Self-Love ♡ Sundays | An Act of Release

Despite how freeing it is to finally let go of something, it's not always a speedy process. It may take some people longer than others to get to a place in their existence where the hurt, pain, damage, etc. is just not worth holding on to anymore. We are all so infatuated with time, that we allow the time to pass while we're complaining about it. The point, though, is not to keep track of the time, but to take the time to heal in spite of it. 

For example, I spent years, literally, blaming a particular person for the damage they caused, for "ruining my ability to love". Even when I thought I moved on, when no one was watching, I would mull over the things that went wrong and what I could have done differently.  I created this ideal image of what happened within our involvement with one another to avoid facing the cold, hard reality. The most significant part was looking in the mirror and realizing the role I played in allowing one person to have that much control over my mind and emotions. No one should have that much power over you. 

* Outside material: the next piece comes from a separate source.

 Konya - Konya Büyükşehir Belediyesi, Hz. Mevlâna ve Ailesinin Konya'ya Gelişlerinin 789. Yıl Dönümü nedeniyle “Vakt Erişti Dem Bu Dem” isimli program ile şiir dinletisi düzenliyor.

Then one day, I craved closure. Not only was the previously mention situation still haunting me in a way, it was creating a blockage that wasn't fair to the person I'm currently building with.  This is not to imply that moving on always requires [direct] closure, but it was absolutely necessary for me personally. 

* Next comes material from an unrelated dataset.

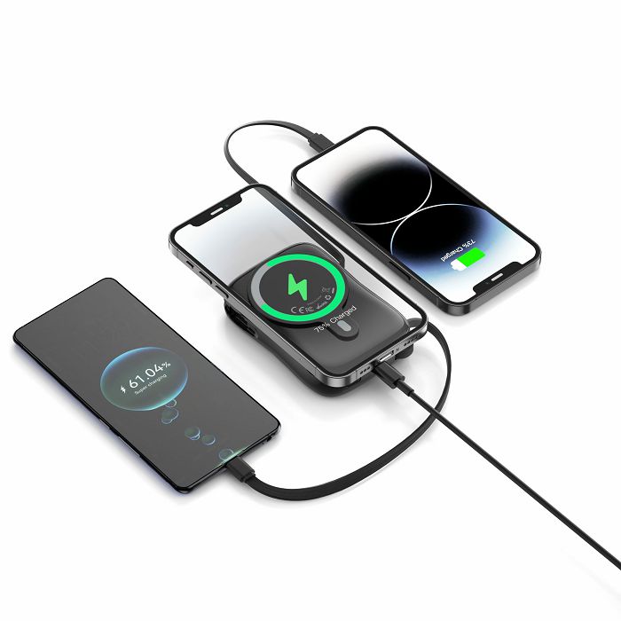 Magsafe bežični power bank C1020W 10000mAh, podržava bežično (15W) i žičano (20W) punjenje kompatibilnih iPhone i Android uređaja. Integriran Type C i iPhone Lightning kabel, te Magsafe mogućnost bežičnog punjenja.Specifikacije:

I remembered a message I wrote that was saved on my notes app that pretty much said (in nicer language, of course), "Good-bye and have a nice life"; waiting for me to release it to who it was intended for. Every now in then, I'd read it and prayed for the day where I was courageous enough to mean what was said, but it just sat there, because I wanted my words to hold weight. I kept thinking to myself, especially during moments when I saw all the goodness happening right in front of my face, 'Girl. Let it go.'  So on this particular day, I decided it was time.

Self-love is a continuous process and often times, quite challenging, so I continue to write through it. Hoping my mess message will make a difference in someone else's life. Writing a letter is the best way I've ever known how to express myself. I sent the note as an act of release and I was taken back by my own bravery. Seeing that he did indeed read it was such a relief, which was even more of a surprise to me (I thought I would be hurt by the lack of response, but I really wasn't affected at all, to be honest). And let me just say from this and many other experiences, letting go of something that you've been holding on to in vain has to be one of the most liberating feelings in the world. 

Pearls of Wisdom: It's all a matter of finding forgiveness in your heart, distributing it out to anything/anyone that hinders joy, growth, or inner peace, and not worrying that your compassion will somehow deplete the more you give it away. To forgive others is to heal self. Forgive others so that you are able to move forward without negativity pulling you backwards.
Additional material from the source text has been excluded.